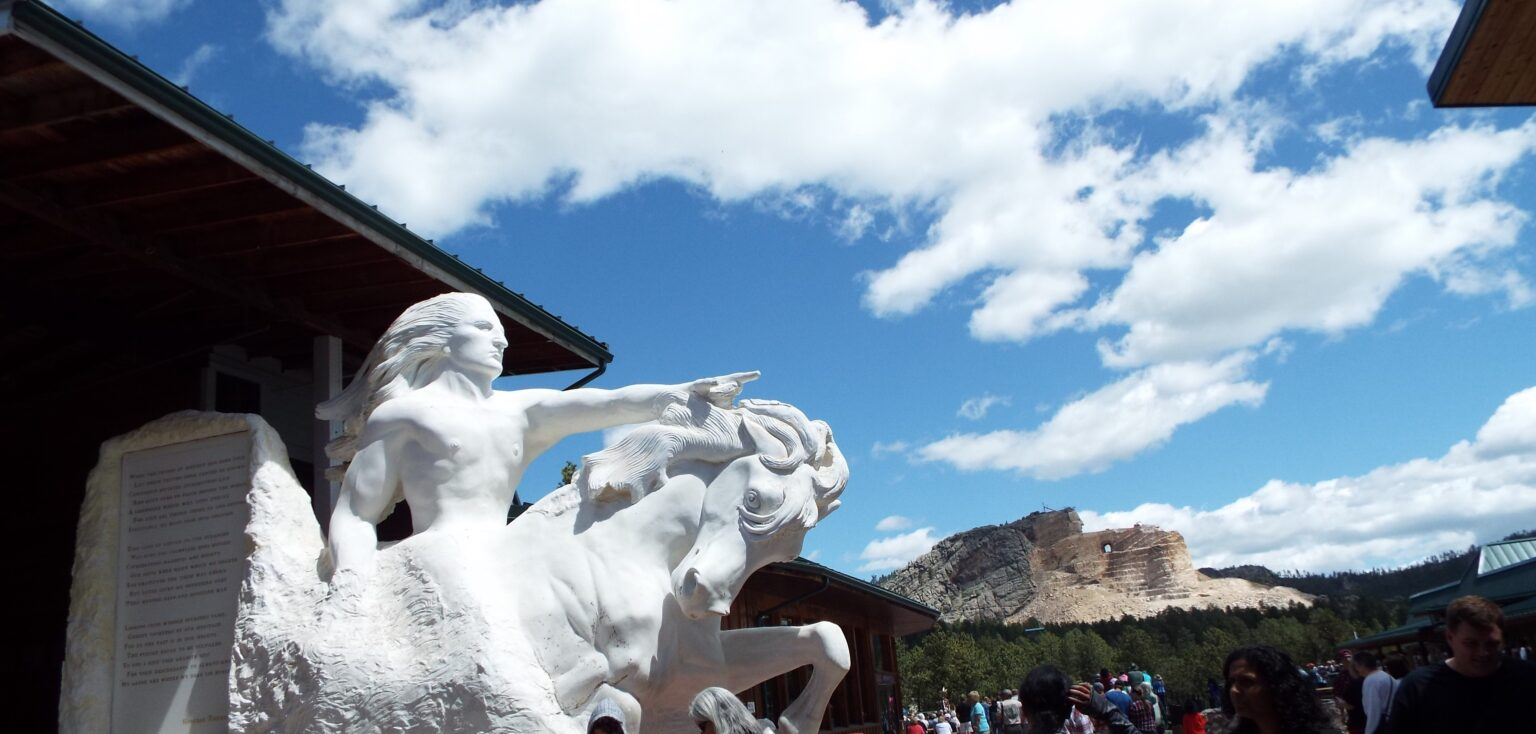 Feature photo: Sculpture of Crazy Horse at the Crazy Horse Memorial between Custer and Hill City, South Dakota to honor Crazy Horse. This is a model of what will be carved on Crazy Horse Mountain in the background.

* * *

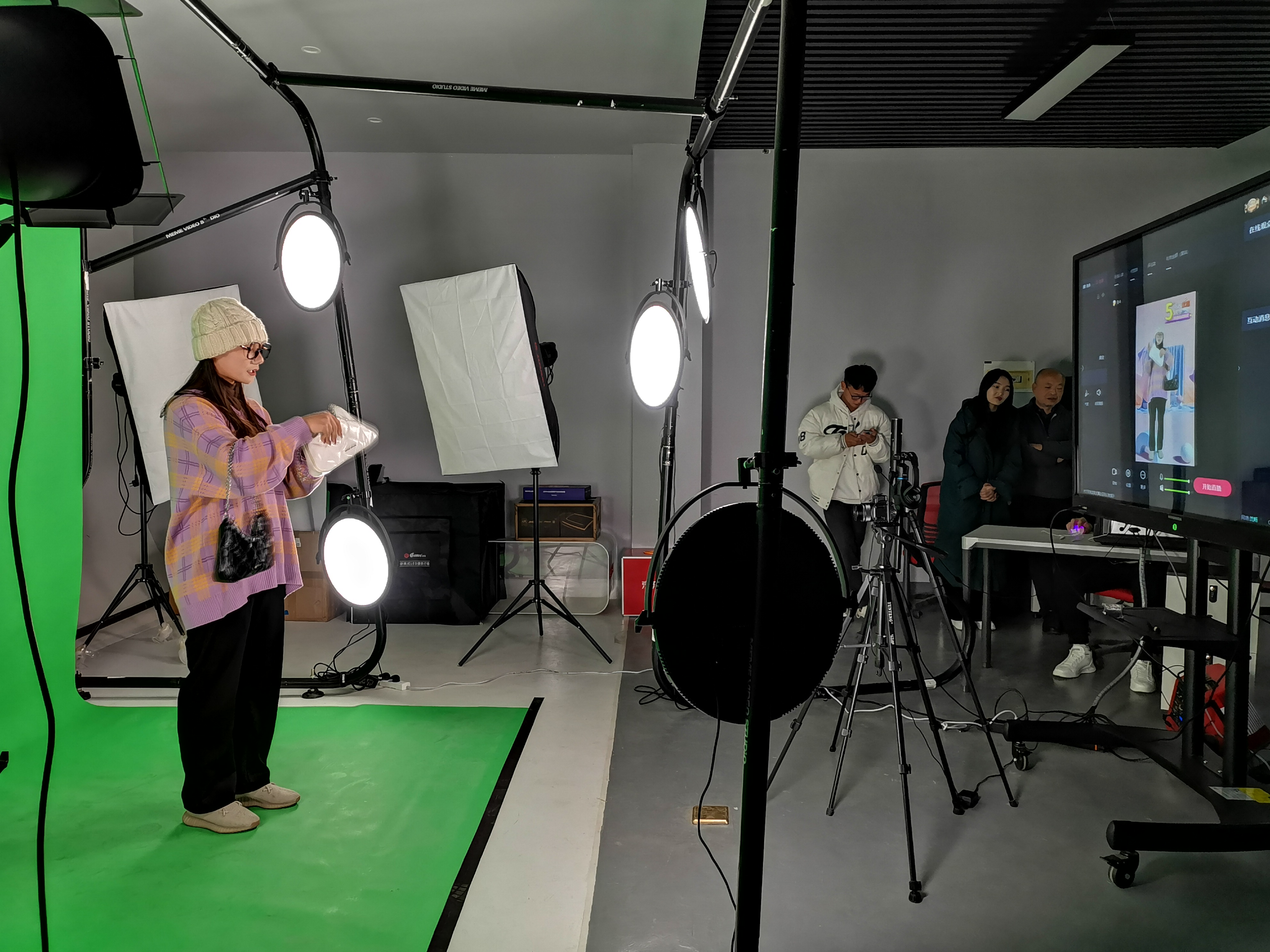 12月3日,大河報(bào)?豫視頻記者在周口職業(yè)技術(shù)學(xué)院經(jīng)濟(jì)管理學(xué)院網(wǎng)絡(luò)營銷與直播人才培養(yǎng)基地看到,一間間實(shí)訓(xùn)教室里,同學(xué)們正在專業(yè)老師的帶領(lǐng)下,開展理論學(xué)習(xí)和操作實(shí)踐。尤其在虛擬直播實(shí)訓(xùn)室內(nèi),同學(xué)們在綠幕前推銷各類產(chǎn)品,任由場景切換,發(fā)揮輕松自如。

* * *

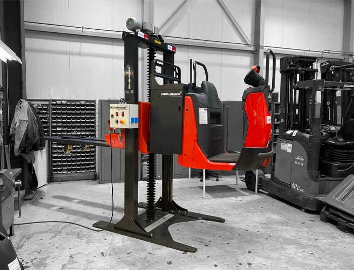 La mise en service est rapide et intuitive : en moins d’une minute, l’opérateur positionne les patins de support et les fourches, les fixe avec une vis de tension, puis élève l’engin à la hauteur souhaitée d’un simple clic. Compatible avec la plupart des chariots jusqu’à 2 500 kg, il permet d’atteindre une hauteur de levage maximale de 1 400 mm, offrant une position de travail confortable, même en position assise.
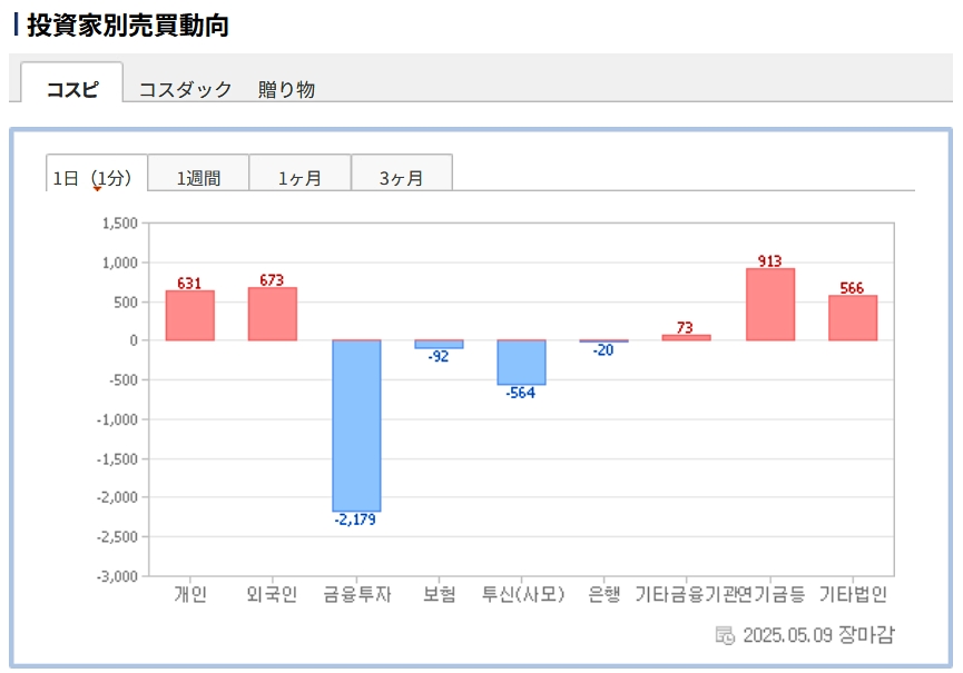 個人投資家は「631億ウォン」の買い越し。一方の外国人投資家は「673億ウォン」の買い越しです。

▶ **TASK PROMPT**
In the entries above, find the line containing "La mise en service" and the line containing "個人投資家は「631億ウォン"; give again exactly those two lines and every line between them, minus the pictures.

▶ **SOLUTION TO THIS EXERCISE**
 La mise en service est rapide et intuitive : en moins d’une minute, l’opérateur positionne les patins de support et les fourches, les fixe avec une vis de tension, puis élève l’engin à la hauteur souhaitée d’un simple clic. Compatible avec la plupart des chariots jusqu’à 2 500 kg, il permet d’atteindre une hauteur de levage maximale de 1 400 mm, offrant une position de travail confortable, même en position assise.
 個人投資家は「631億ウォン」の買い越し。一方の外国人投資家は「673億ウォン」の買い越しです。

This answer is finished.